» **Recorded data**:
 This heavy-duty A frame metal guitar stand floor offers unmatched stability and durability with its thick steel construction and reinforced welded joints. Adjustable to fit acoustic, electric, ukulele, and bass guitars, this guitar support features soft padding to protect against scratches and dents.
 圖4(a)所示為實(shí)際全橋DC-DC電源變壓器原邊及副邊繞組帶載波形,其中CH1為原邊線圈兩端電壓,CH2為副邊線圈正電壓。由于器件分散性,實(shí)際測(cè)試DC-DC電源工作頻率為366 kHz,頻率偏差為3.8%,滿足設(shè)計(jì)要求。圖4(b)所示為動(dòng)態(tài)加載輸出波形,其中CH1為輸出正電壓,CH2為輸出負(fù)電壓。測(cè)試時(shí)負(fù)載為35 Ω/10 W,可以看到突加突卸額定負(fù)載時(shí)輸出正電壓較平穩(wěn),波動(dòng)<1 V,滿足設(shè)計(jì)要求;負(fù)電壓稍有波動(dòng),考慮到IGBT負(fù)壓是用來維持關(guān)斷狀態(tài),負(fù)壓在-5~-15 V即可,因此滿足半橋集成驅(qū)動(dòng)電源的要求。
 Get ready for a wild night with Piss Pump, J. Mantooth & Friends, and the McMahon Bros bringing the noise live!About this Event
--
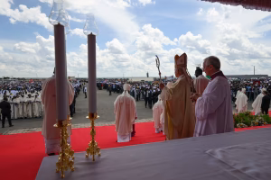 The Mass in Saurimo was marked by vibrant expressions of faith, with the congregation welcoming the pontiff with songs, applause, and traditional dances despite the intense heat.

» **Work instruction**: Look above for the line containing "This heavy-duty A" and the line containing "Get ready for". Transcribe both, with the lines between them, exactly.

» **Answer section**:
 This heavy-duty A frame metal guitar stand floor offers unmatched stability and durability with its thick steel construction and reinforced welded joints. Adjustable to fit acoustic, electric, ukulele, and bass guitars, this guitar support features soft padding to protect against scratches and dents.
 圖4(a)所示為實(shí)際全橋DC-DC電源變壓器原邊及副邊繞組帶載波形,其中CH1為原邊線圈兩端電壓,CH2為副邊線圈正電壓。由于器件分散性,實(shí)際測(cè)試DC-DC電源工作頻率為366 kHz,頻率偏差為3.8%,滿足設(shè)計(jì)要求。圖4(b)所示為動(dòng)態(tài)加載輸出波形,其中CH1為輸出正電壓,CH2為輸出負(fù)電壓。測(cè)試時(shí)負(fù)載為35 Ω/10 W,可以看到突加突卸額定負(fù)載時(shí)輸出正電壓較平穩(wěn),波動(dòng)<1 V,滿足設(shè)計(jì)要求;負(fù)電壓稍有波動(dòng),考慮到IGBT負(fù)壓是用來維持關(guān)斷狀態(tài),負(fù)壓在-5~-15 V即可,因此滿足半橋集成驅(qū)動(dòng)電源的要求。
 Get ready for a wild night with Piss Pump, J. Mantooth & Friends, and the McMahon Bros bringing the noise live!About this Event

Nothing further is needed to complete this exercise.